Whenever I need to talk to him, I like to find a dark place. It's much easier to see his face that way. I strain at the darkness, and his face appears, a floating mask real enough to touch. The distance between us closes, and in this moment, I know his thoughts.
Scientists talk about the speed of light, and huge leaps have been made in technology based on transmitting information that is merely a series of light patterns. But what of the darkness? Do they consider this a void that must be transcended? Or is this darkness that which must be penetrated? Is it something solid, something palpable, something real? It has taken centuries for scientists to harness the power of light for their technology, but what do they understand of the dark's mysteries?
I talk to the face in the darkness, to tell him my thoughts, my dreams. I tell him of my love for him. The face hangs there, wavering, but the expression remains the same, like a photograph taken from my memory.
"We are together forever," I say. "As long as we have the darkness, we will be."
I feel the darkness wrap its arms around me. Arms like his but bigger and colder. I inhale the scent of his dark cloak.
I listen to the darkness, but I do not hear him. Tonight, he is silent. "Why do you not speak to me?" I ask. He does not respond. I wait patiently, staring at the ghostly face before me, but the face seems to lie before me as if sleeping. I weep, but he does not speak to me.
This is no good, I think. Why can I not hear him? Why do I only see him lying there, as if sleeping? Why must he do this to me?
This is no good. I have to see him.
In the darkness, I make my way to the cemetery. No one can see me. I am almost there.

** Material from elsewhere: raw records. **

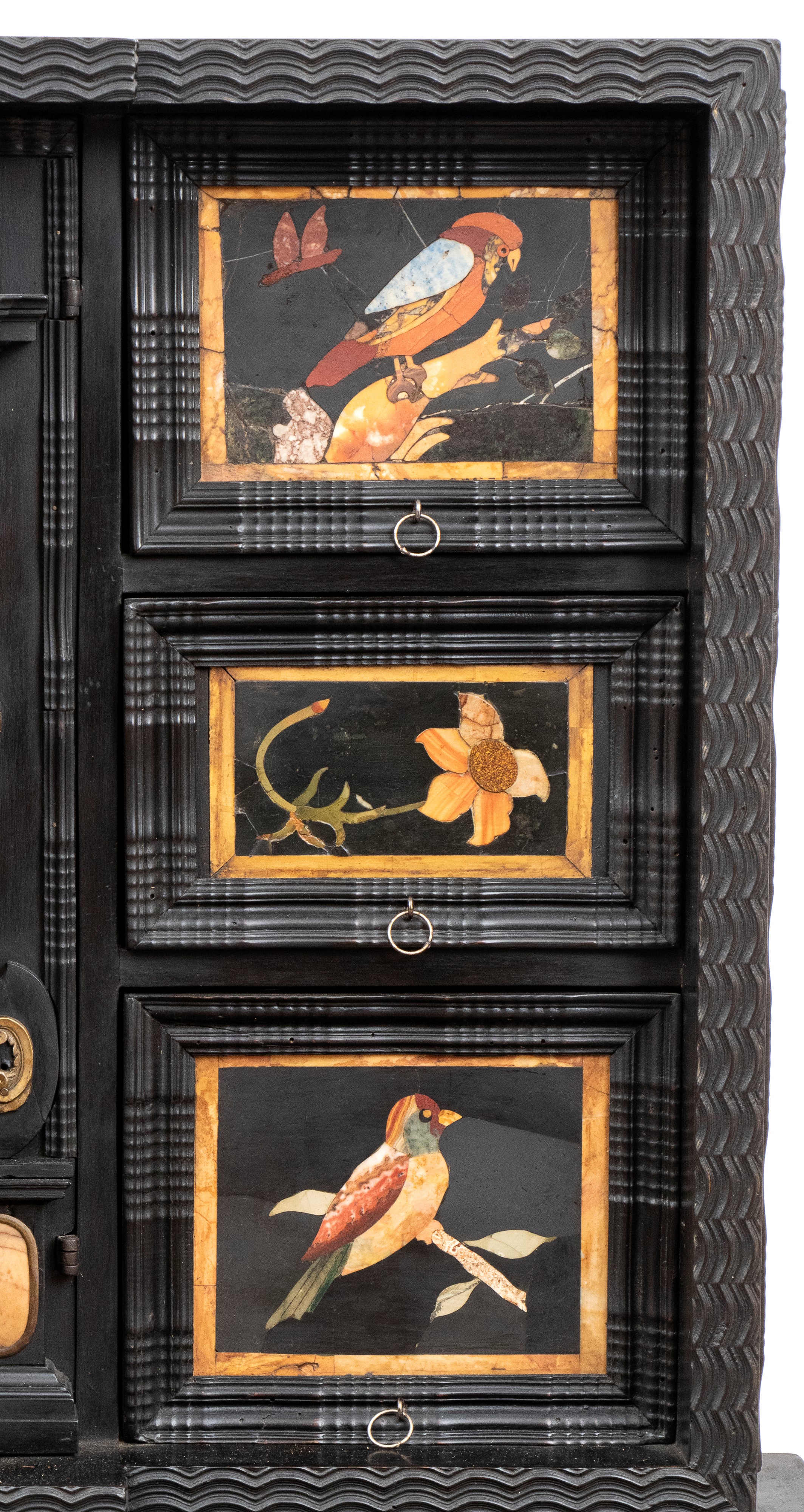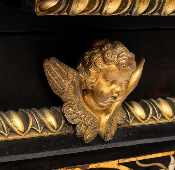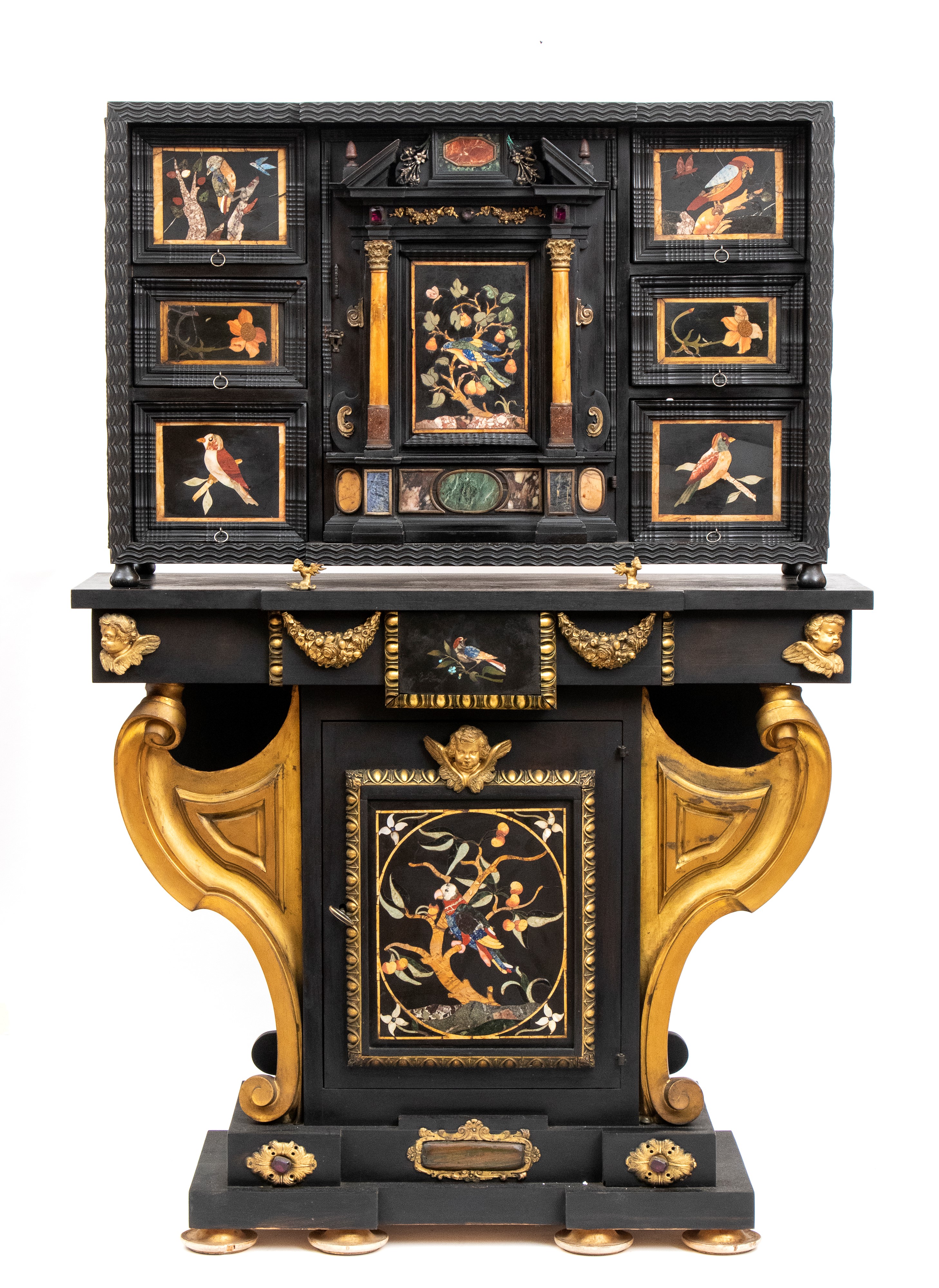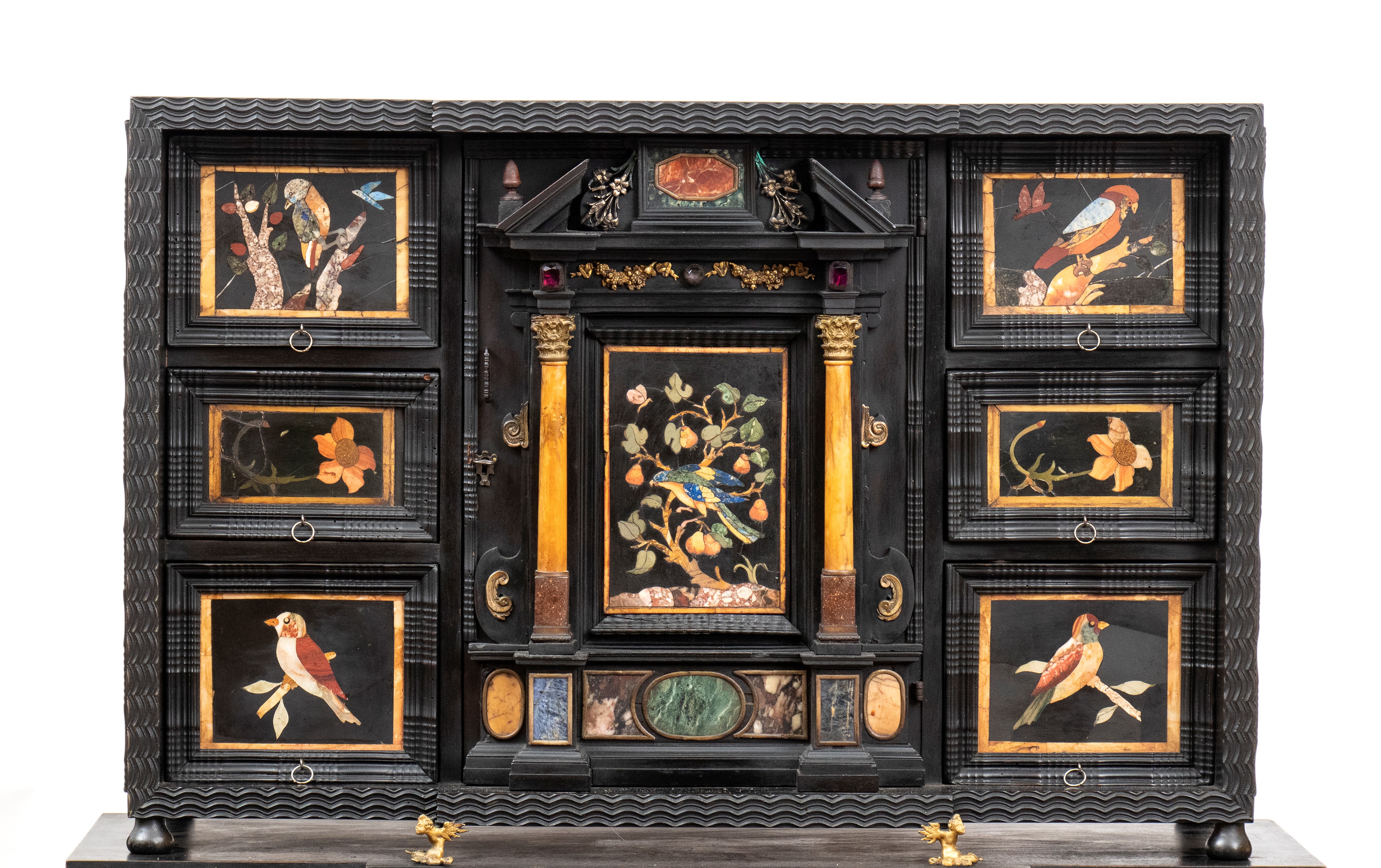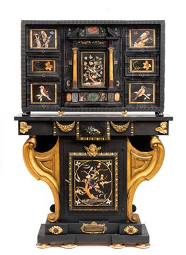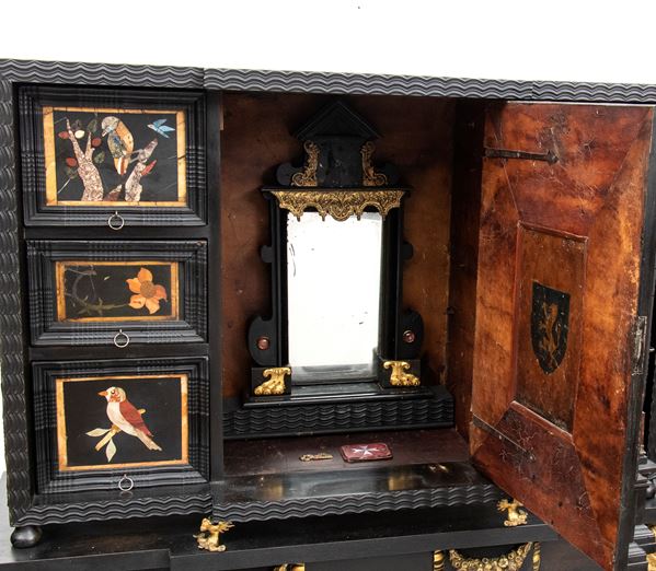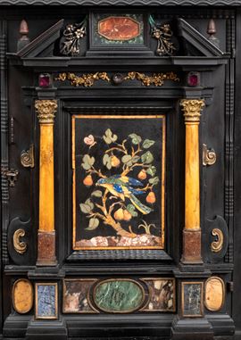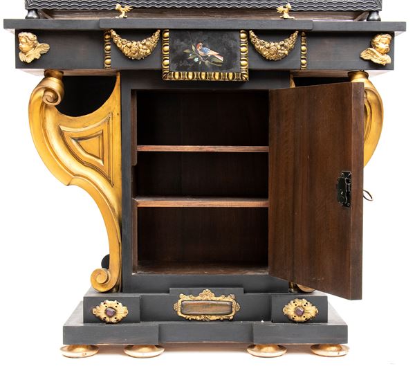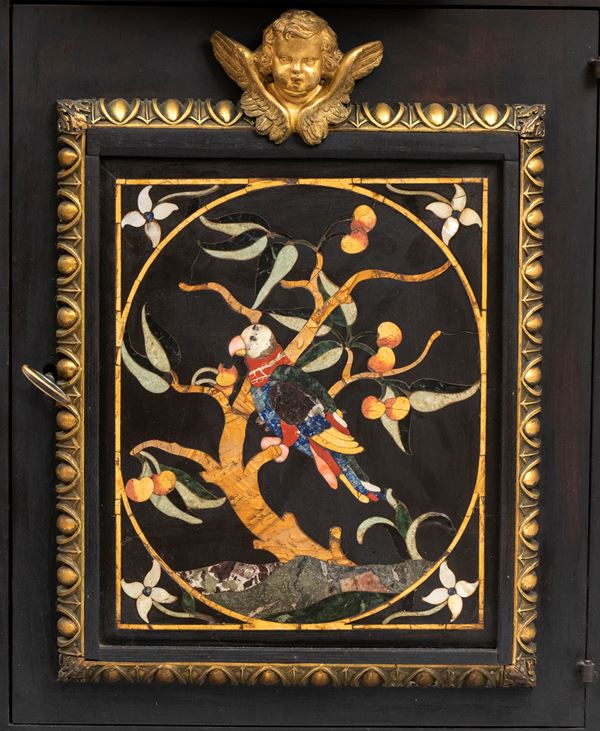 in ebano (Diospyros spp.), pietre dure, pannelli in commesso di pietre dure, e bronzi dorati. La parte superiore è composta da sei cassetti col davanti di una placca di pietre dure con fiori ed uccelli, al centro grande sportello a forma di portale con due colonne in pietra ed in mezzo un albero con frutta e foglie su cui spicca un pappagallo variopinto, il tutto in pietre dure, sotto al portale una striscia di pietre dure di diversi tipi e forme. L'interno del vano del tempio è foderato di cuoio e ornato da uno specchio con colonne ed una trabeazione di bronzo dorato. La parte inferiore, non coeva al sopra (XX secolo) è composta da un mobile la cui parte superiore a mo' di tamburo di tavolo è ornata da una placca in pietre dure con uccello su di un ramo, ghirlande ,di putto in bronzo dorato. Ai lati due grandi volute in legno dorato di bellissimo disegno. Al centro del mobile un grande quadro in commesso di pietre dure, incorniciato di bronzo dorato e testa di puto, rappresenta un albero ricco di frutta e foglie su cui poggia un pappagallo a ricco piumaggio colorato, agli angoli quattro fiori bianchi. La base del mobile è ornata da pietre dure contornate da decori in bronzo dorato. Piedi a toupie schiacciata in legno dorato. Il mobile è arricchito da un cofano in ebano, decorato da placche in commesso di pietre dure, rappresentanti uccelli su rami fioriti. Il mobile è stato eseguito dal'Opificio Granducale del pietre dure per i Brancaleoni della Rocca Leonella li cui stemma è impresso e dipinto sul retro dello sportello della parte superiore.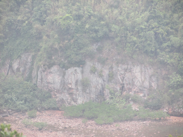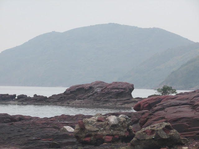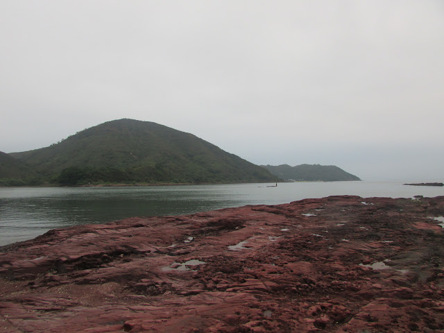 是日天色較為陰暗,加上到達花籃坑時已過四點,叢林裡不時傳來赤麂叫聲,而且數量不只一頭,相信再晚一點其他野生動物(如野豬)也會陸續出沒。再經一段密林往紅石門村。在紅石門村先休息二十分鐘,當然要把紅紅的石頭「帶回家」,原來在陰天下仍能攝出艷紅色的石頭,如是晴天景觀定必完美--因正好是日落時份,在十分偏僻的地方欣賞到日落確是個難得及刺激的經歷。五點鐘,就啟程快步上登至船灣淡水湖郊遊徑。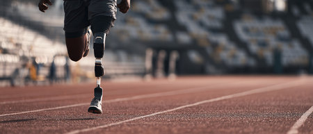 Man with prosthetic leg running on stadium track. Healthcare and medical concept.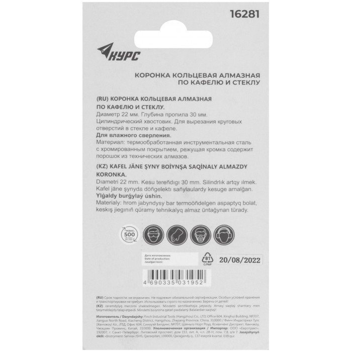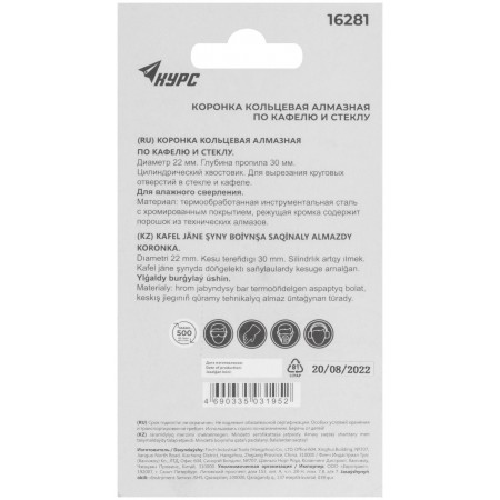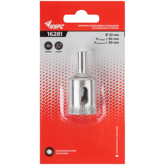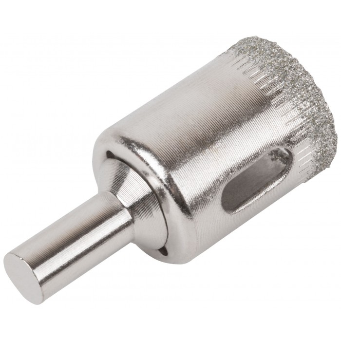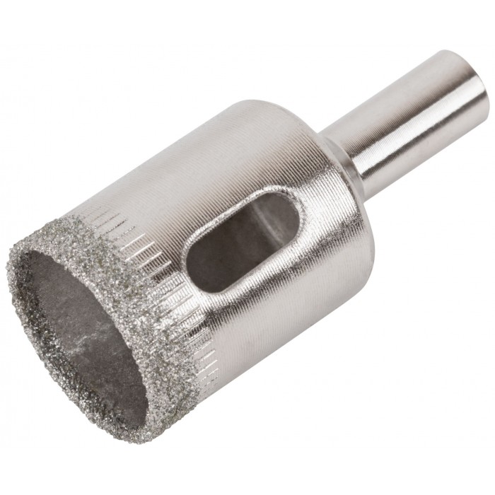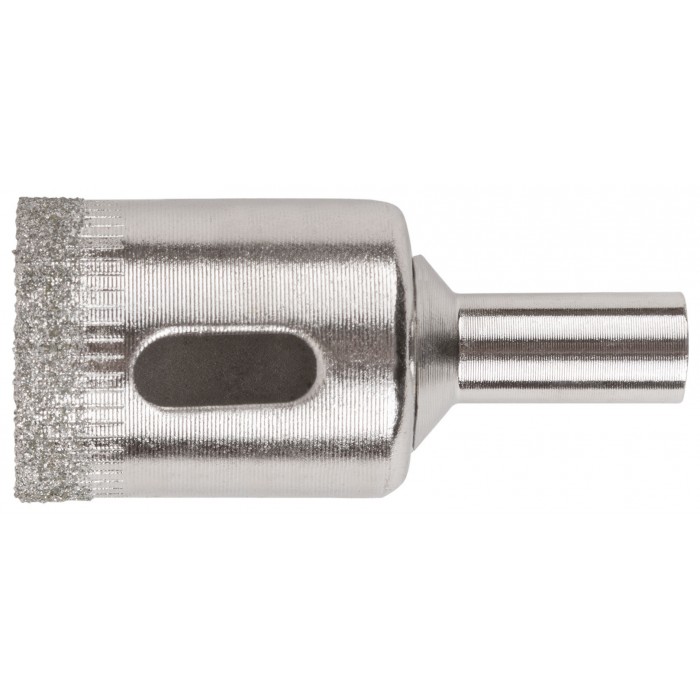 Цилиндрический хвостовик. Для вырезания круговых отверстий в кафеле и стекле. Влажное сверление. Глубина пропила 30 мм. Материал: инструментальная сталь, режущая кромка содержит порошок из технических алмазов. Упаковка: блистер.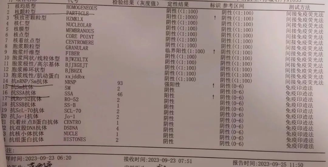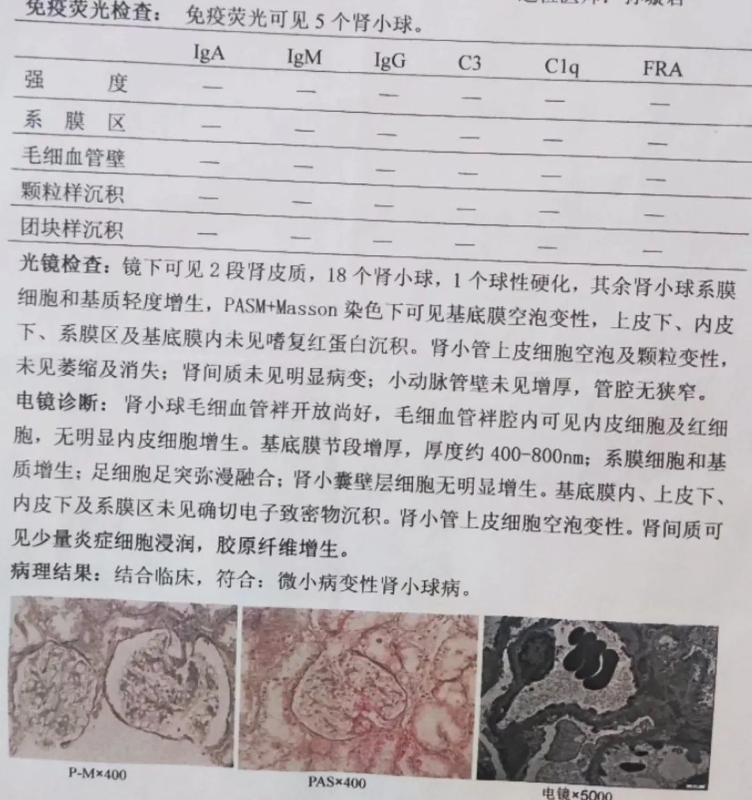 25号当天一项自身抗体检测出来,很多阳性。医生说现在还不能确定狼疮,还要看穿刺结果。过两天医生又说光镜下没什么异常,得看电镜,一开始说是糖尿病肾病,可是我明显血糖不高,又重新看了一次电镜,确诊微小病变,合并未分化结缔组织病。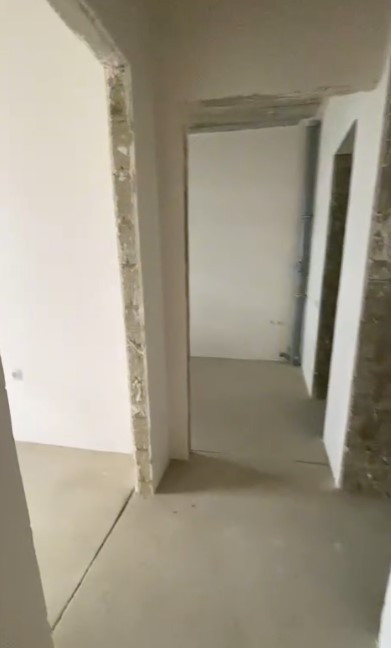 Квартира с предчистовой отделкой: стены оштукатурены, установлены котел-колонка, радиаторы отопления, розетки, выключатели, приборы учета.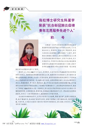医学院 2018 级博士研究生陈星宇荣获 野抗击新冠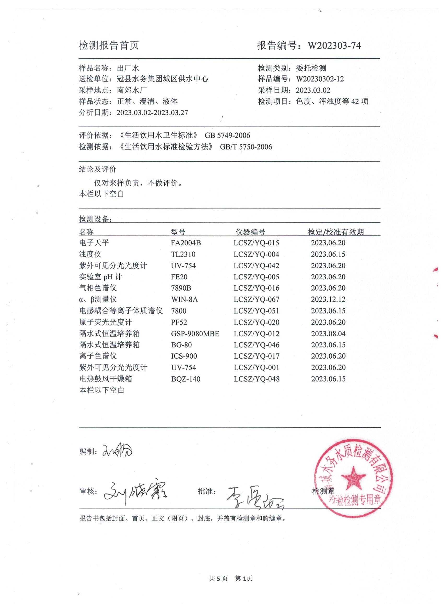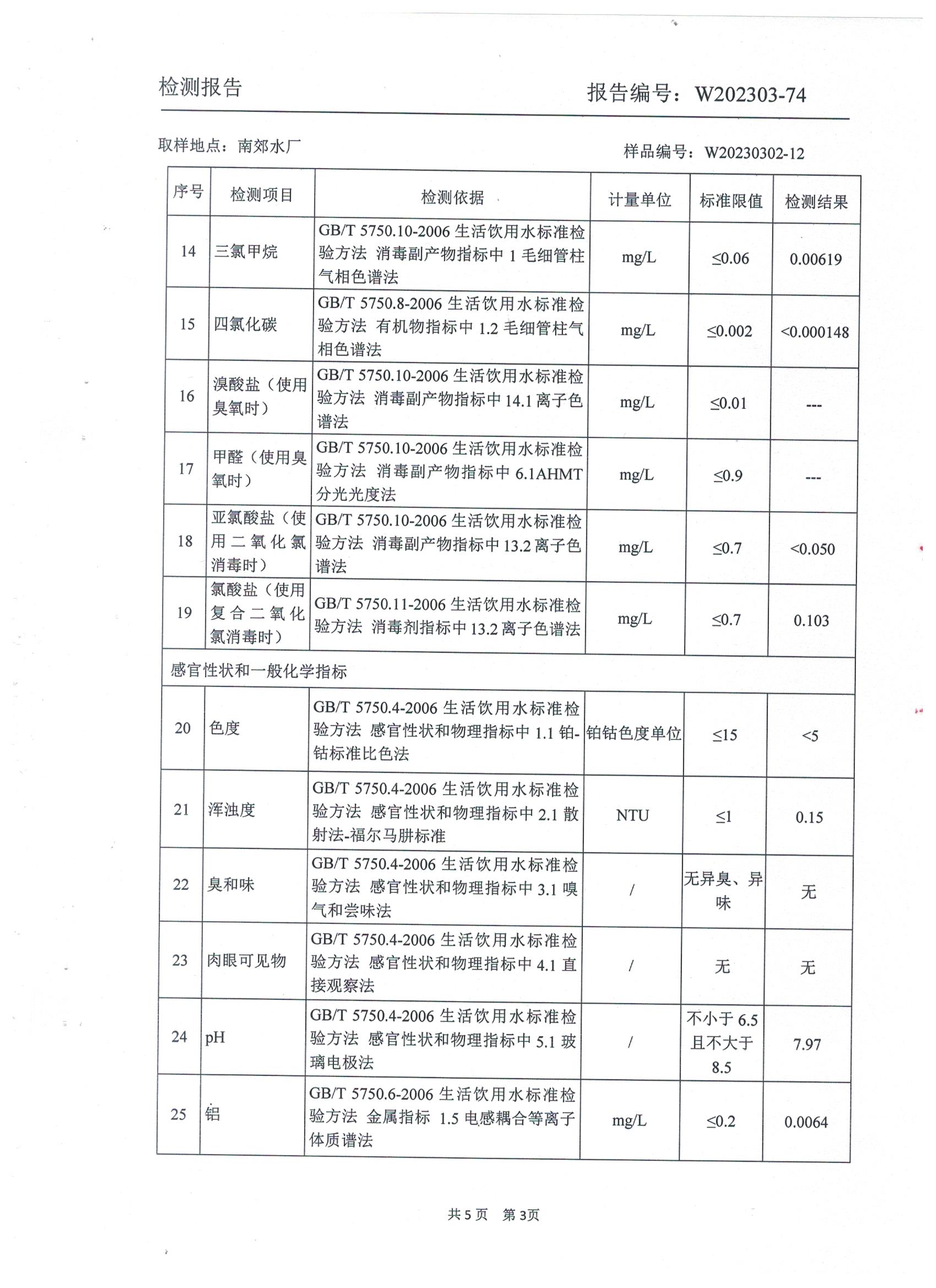 2023年3月城區(qū)水質(zhì)檢測報(bào)告

There are the graves, both of them. Side by side. He is there, lying next to me. The shirt covers his wound, the one I made that night when he upset me so badly. The night he tried to leave me.
I told him that night, "As long as there is darkness, we will be." There we are. Together forever, see? Beneath the earth. In the dark.
My face is quiet, serene. The long sleeves cover the stitches on my wrists.
"Where are you now?" I ask. "Where did you go? How could you leave me here?"
There is nothing. Only silence. A void. Darkness.